This paper explains a simple way to clean the Titanic dataset.
From the 2 datasets provided by Kaggle, we have created 4 datasets. The first two datasets will be used to compare the performance of the different models. The last two datasets will be used to submit our predictions to the Kaggle website.
The advantage of using a simple way to clean the datasets provided by Kaggle is the limited computational and research time taken to create our datasets ready for running our models. The inconvenient is of course that the models will have limited results.
In a next paper, we will attempt to improve the performance of the different models by improving the cleaning if the datasets.
The dataset is available on Kaggle website on this link: (https://www.kaggle.com/c/titanic)
library(readr) # to read csv files
train <- read_csv("train.csv")
test <- read_csv("test.csv")
As we need to pre-validate the models we will use to submit prediction to the Kaggle website, we need to split the “train” dataset into a sub training dataset and a validation dataset.
library(caTools) # library to split the dataset
set.seed(123) # set seed for for reproducibility
split = sample.split(train$Survived, SplitRatio = 0.8)
training_set = subset(train, split == TRUE)
validation_set = subset(train, split == FALSE)
final_training_set = train
colSums(is.na(training_set)) # compute the amount of NA per column
## PassengerId Survived Pclass Name Sex Age
## 0 0 0 0 0 141
## SibSp Parch Ticket Fare Cabin Embarked
## 0 0 0 0 546 2
colSums(is.na(validation_set))
## PassengerId Survived Pclass Name Sex Age
## 0 0 0 0 0 36
## SibSp Parch Ticket Fare Cabin Embarked
## 0 0 0 0 141 0
colSums(is.na(test))
## PassengerId Pclass Name Sex Age SibSp
## 0 0 0 0 86 0
## Parch Ticket Fare Cabin Embarked
## 0 0 1 327 0
training_set_clean <- subset(training_set, select = -c(PassengerId,Ticket,Cabin,Name))
validation_set_clean <- subset(validation_set, select = -c(PassengerId,Ticket,Cabin,Name))
test_clean <- subset(test, select = -c(Ticket,Cabin,Name))
final_training_set_clean <- subset(final_training_set, select = -c(PassengerId,Ticket,Cabin,Name))
training_set_clean$Age[is.na(training_set_clean$Age)]<-median(na.omit(training_set_clean$Age)) # replace Missing Age with median
validation_set_clean$Age[is.na(validation_set_clean$Age)]<-median(na.omit(validation_set_clean$Age)) # replace Missing Age with median
test_clean$Age[is.na(test_clean$Age)]<-median(na.omit(test_clean$Age)) # replace Missing Age with median
final_training_set_clean$Age[is.na(final_training_set_clean$Age)]<-median(na.omit(final_training_set_clean$Age))
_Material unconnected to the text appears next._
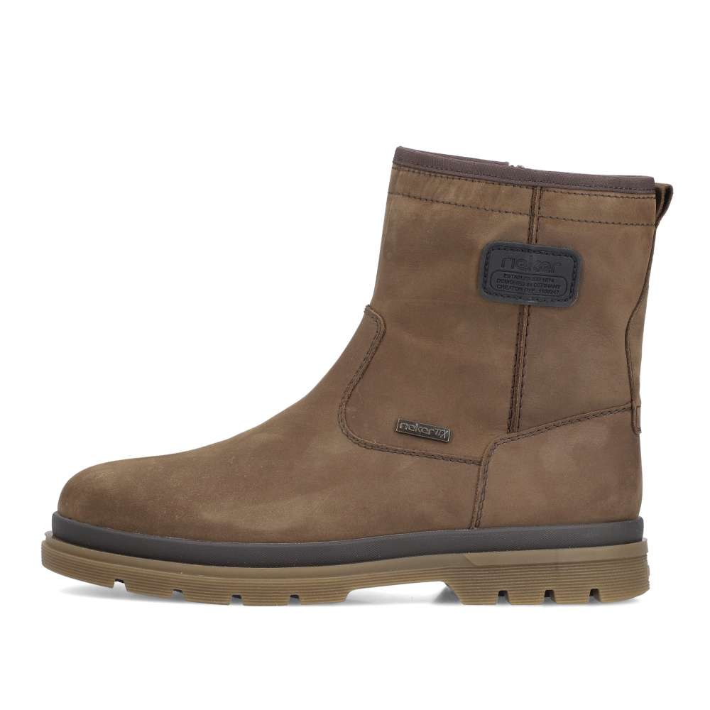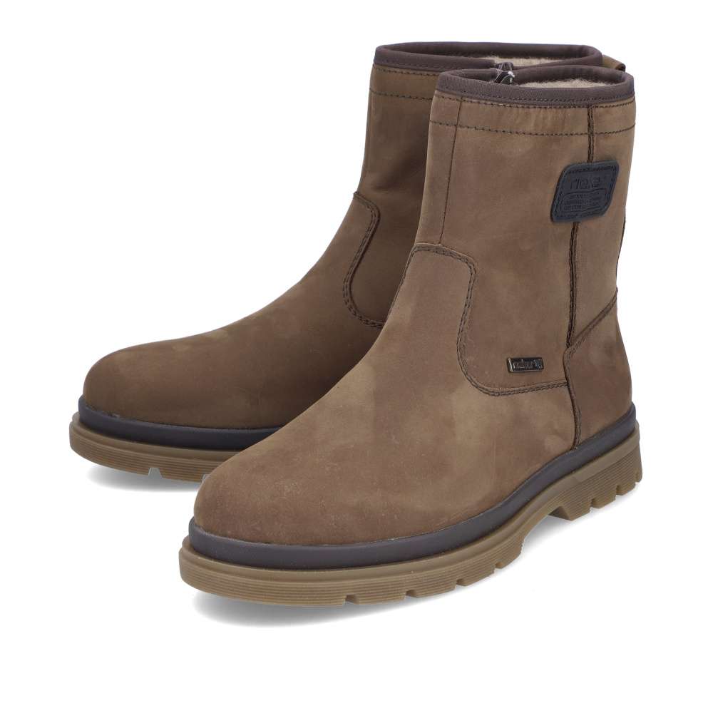 Tyto kotníkové boty značky RIEKER v sobě spojují moderní vzhled a vyjímečný komfort, což ocení nejeden muž v zimním období. Kožený svršek zdobí stylová nášivka s logem značky a jemné linie prošití, které dodávají botám stylový charakter. Funkčnost zvyšuje nepromokavá vrstva, která ochrání vaše nohy před nepříznivým počasím a nemusíte se obávat promoknutí. Díky bočnímu zipu je nazouvání rychlé a pohodlné – stačí vklouznout do hřejivé podšívky z pravé ovčí vlny a užívat si teplo i během chladných dnů. Širší střih nabízí větší pohodlí při nošení a vyjímatelná stélka umožňuje snadnou údržbu či výměnu za ortopedickou nebo jinou preferovanou vložku. Dokonalé pohodlí každým krokem vytvoří podešev s funkcí tlumení nárazů. Tento model je skvělou volbou pro muže, kteří chtějí spojit styl, praktičnost a maximální komfort během zimní sezóny. Technologie: Antistress – díky čtyřem antistresovým vlastnostem – lehkosti, pružnosti, prostornosti a vynikající absorpci nárazů – vám boty RIEKER nabídnou komfortnější chůzi. Rieker TEX – funkční vrstva, díky které je bota nepromokavá a přesto prodyšná. Podšívka je vyrobena z pravé ovčí vlny. EXTRA WIDE – boty jsou širšího střihu, tvar boty je přizpůsoben chodidlu pro vytvoření dostatečného prostoru v oblasti přední části chodidla. Tato bota je vybavena vyjímatelnou stélkou.
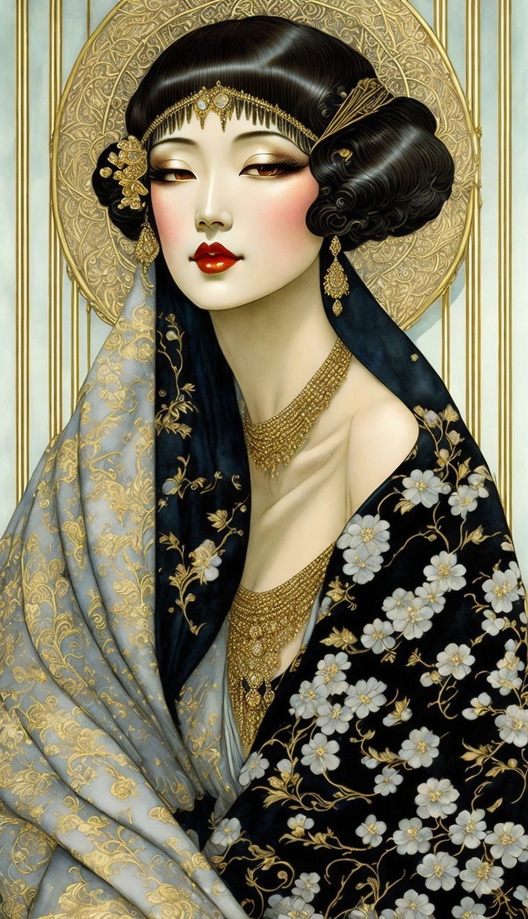 The image features an elegant woman with long black hair styled in traditional fashion. She wears a richly detailed black and gray outfit adorned with flowers, complemented by intricate jewelry.

The weakness of using the median to replace NA without considering other variables to predict the missing ages is that we have 20% of data on the median with is 27.
plot(test_clean$Age)
test_clean$Fare[is.na(test_clean$Fare)]<-median(na.omit(test_clean$Fare))# replace Missing Fare with median
test_clean$Fare[is.na(test_clean$Fare)]<-median(na.omit(test_clean$Fare))
table(training_set_clean$Embarked) # count the number of Ticket per embarkment.
##
## C Q S
## 127 55 529
table(validation_set_clean$Embarked)
##
## C Q S
## 41 22 115
table(test_clean$Embarked)
##
## C Q S
## 102 46 270
training_set_clean$Embarked[is.na(training_set_clean$Embarked)]<-"S" # replace NA by most embarkment count
final_training_set_clean$Embarked[is.na(final_training_set_clean$Embarked)]<-"S" # replace NA by most embarkment count
And now we quickly recheck if we have no Nas, and we are all good.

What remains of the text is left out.